If you’re planning a project:
Budget for dictionary corpus construction. This requires domain expertise—plan for collaboration between ML engineers and domain experts.
Build domain-specific evaluation. Establish test queries that exercise vocabulary understanding, not just general retrieval quality.
Tune for your domain. Sparsity and knowledge preservation weights are domain-dependent. Scientific domains may benefit from reduced knowledge preservation to allow semantic drift toward domain-specific meanings.
If you’re evaluating the investment:
It’s a one-time cost per vocabulary update. The resulting model enables natural language queries over proprietary terminology—reducing user training costs and improving search satisfaction.
Off-the-shelf won’t work. Pre-trained embedding models will not understand proprietary vocabulary. Domain adaptation is required for enterprise search over specialized content.
Plan for maintenance. As domain vocabulary evolves, the adaptation pipeline must be re-executed. Plan for periodic model updates aligned with terminology changes.
I should be upfront about what this investigation doesn’t cover:
Scale: I used a synthetic corpus with a single fabricated term. Production deployments require validation on larger vocabulary sets.
Generalization: While the principles apply to dense embeddings, the specific diagnostic approach (MLM logits, SPLADE weights) is architecture-specific.
Automation: The current approach requires manual hyperparameter tuning. Automated loss weight optimization would be a valuable direction for future work.

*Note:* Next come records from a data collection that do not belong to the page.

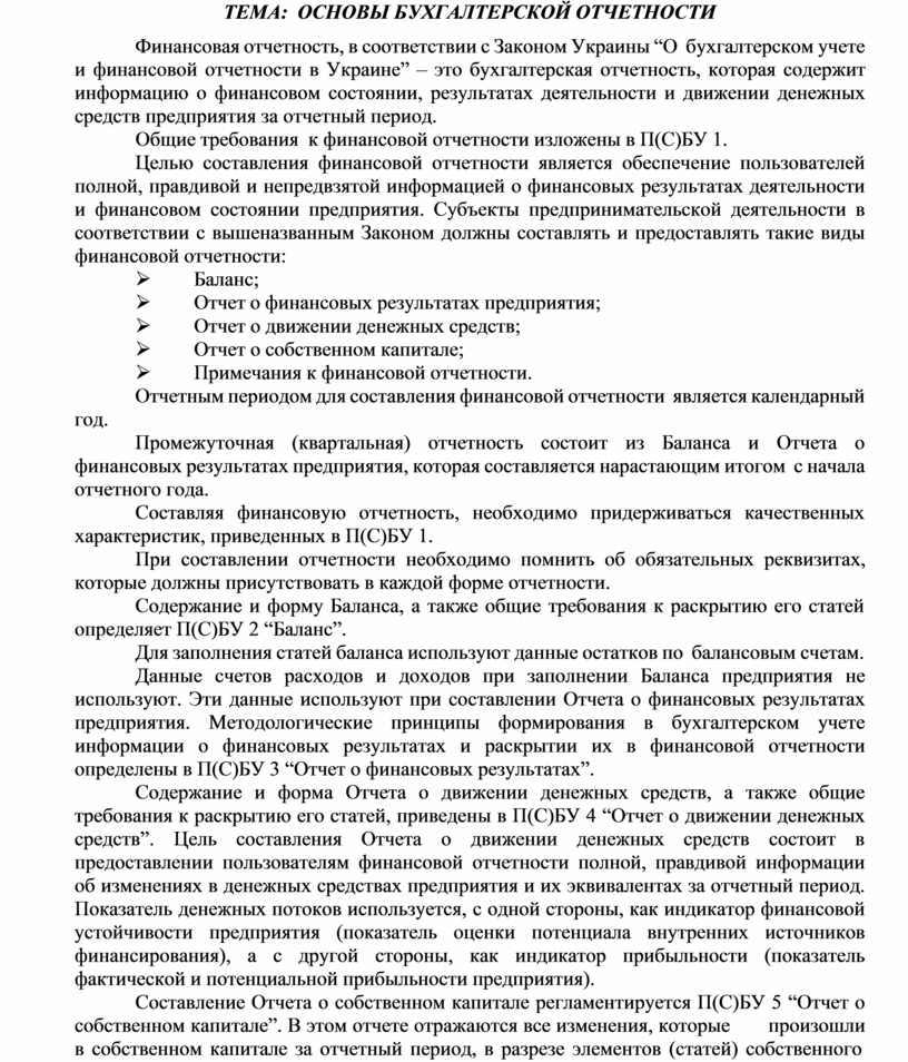 ТЕМА: ОСНОВЫ БУХГАЛТЕРСКОЙ ОТЧЕТНОСТИ
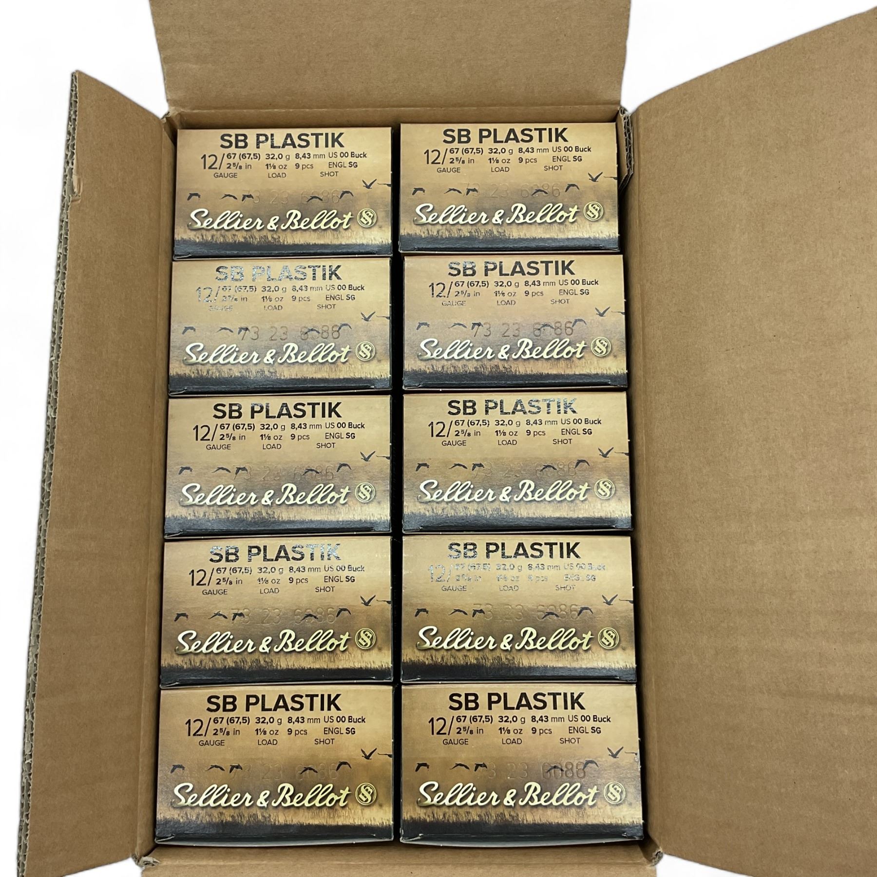 Sellier & Bellot Plastic 12 Ga 2 5/8" 00 Buckshot Ammunition, 250 Rounds
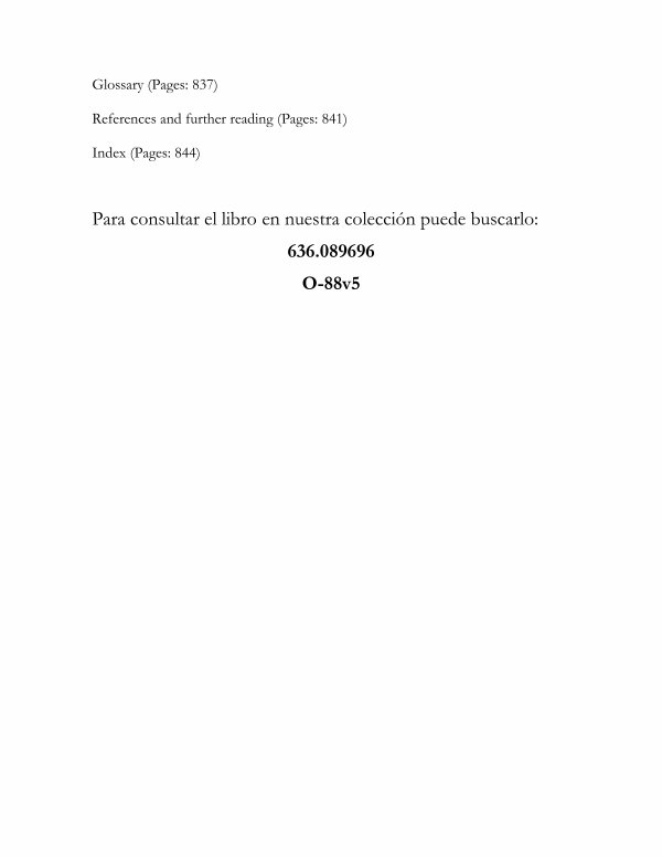 Para consultar el libro en nuestra colección puede buscarlo: 636.089696 O-88v5
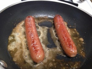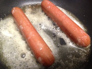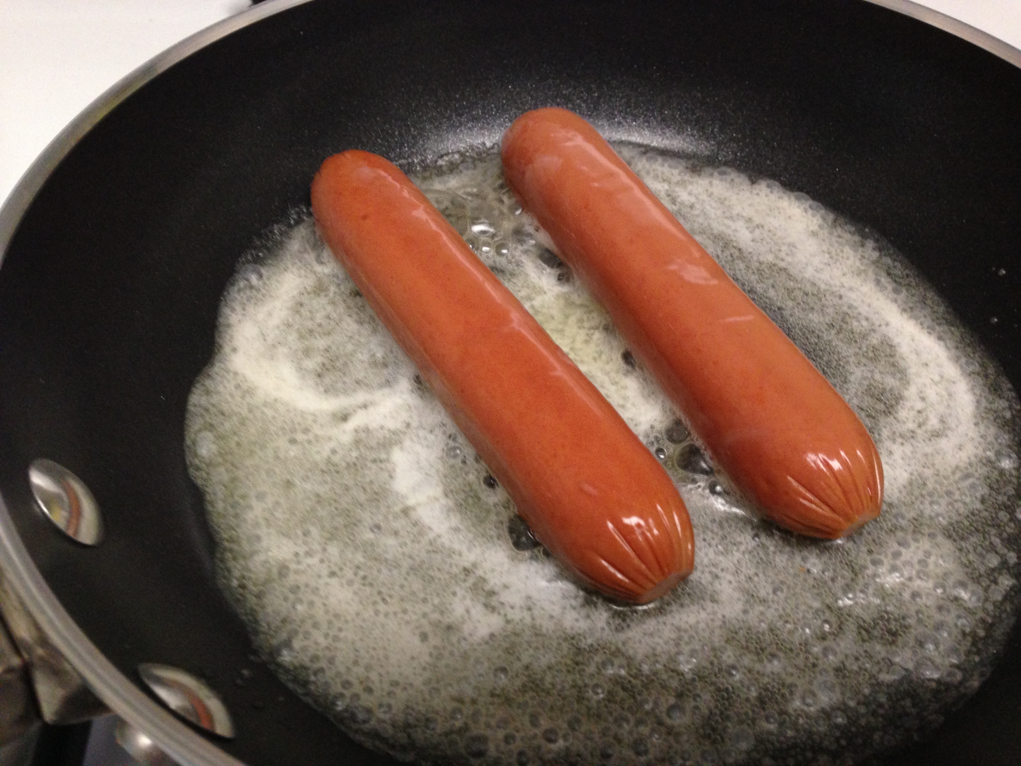 The first thing you notice about the dogs, even before they hit the pan, is that they are of a darker color than your standard dogs. This could be a little off-putting, since a hot dog that has been in the fridge too long will kind of have the same color to it.
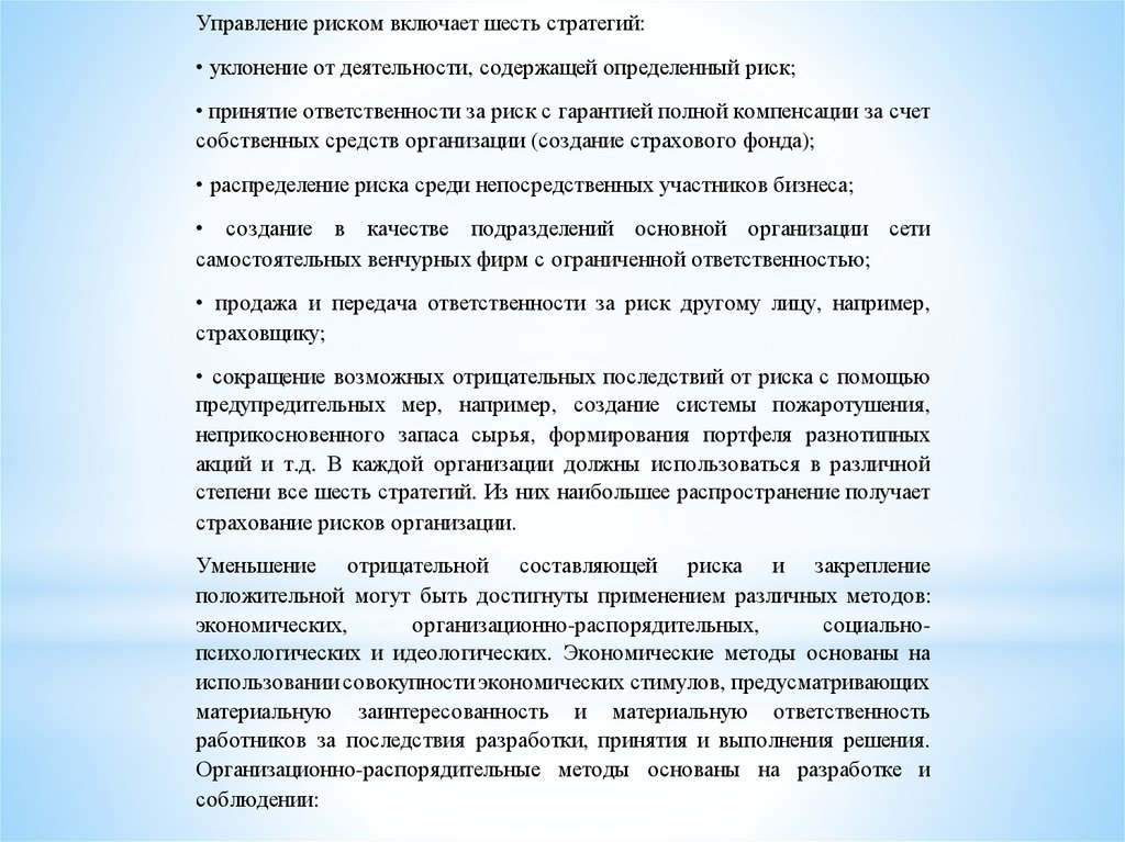 Управление риском включает шесть стратегий:• уклонение от деятельности, содержащей определенный риск;
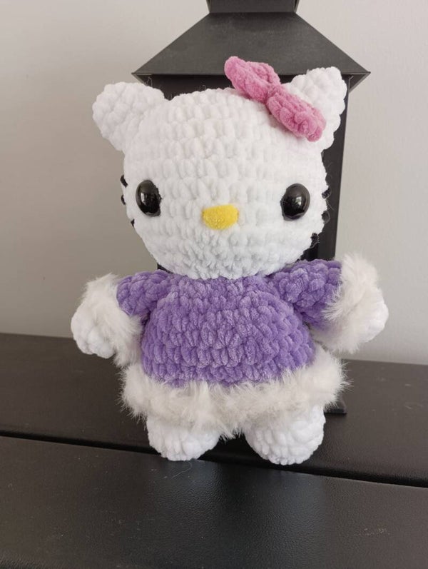 Kitty d'environ 20 cm (sans les oreilles), réalisé au crochet en laine chenille.
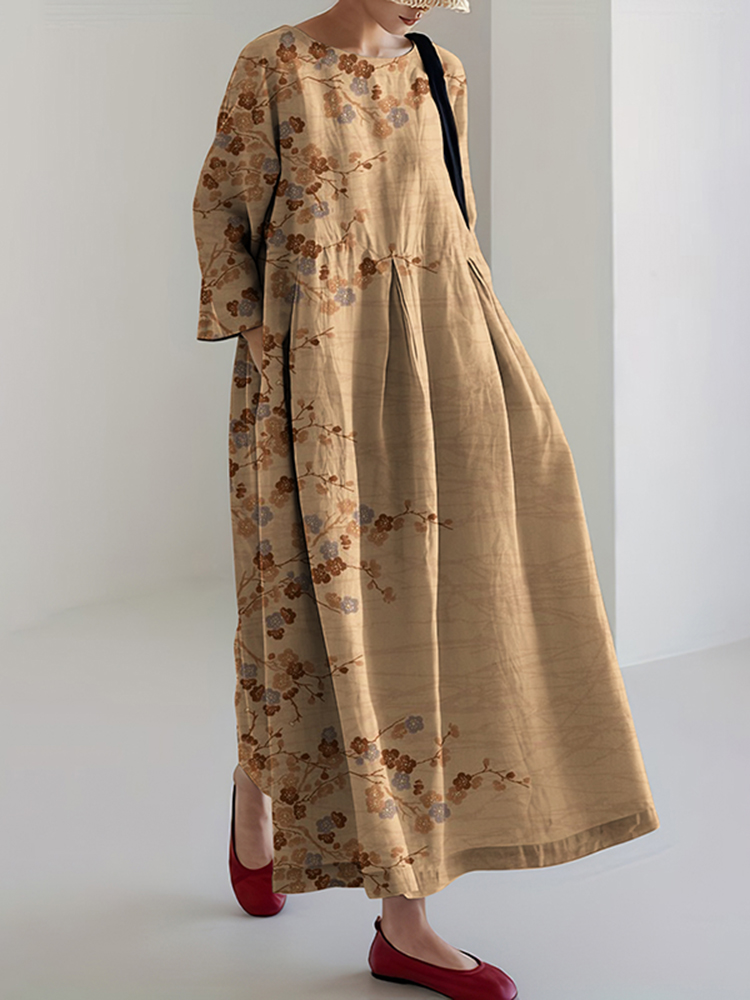 Women Japanese Art Plum Blossom Linen Blend Long Sleeve Maxi Dress

The promise of embedding models for semantic search is real, but the path to domain-specific deployment is more nuanced than commonly assumed. Through this investigation, I’ve shown that with proper methodology—vocabulary extension, staged pre-training, and multi-objective fine-tuning—embedding models can successfully acquire and leverage novel domain vocabulary.
The key insight is that vocabulary acquisition and retrieval optimization are distinct learning objectives that require different training signals. Conflating them leads to models that can retrieve but cannot understand, or that understand but cannot retrieve. Success requires addressing both.
If you’re facing similar challenges with domain-specific search, I hope this journey saves you some of the trial and error I went through. The path isn’t straightforward, but it is navigable.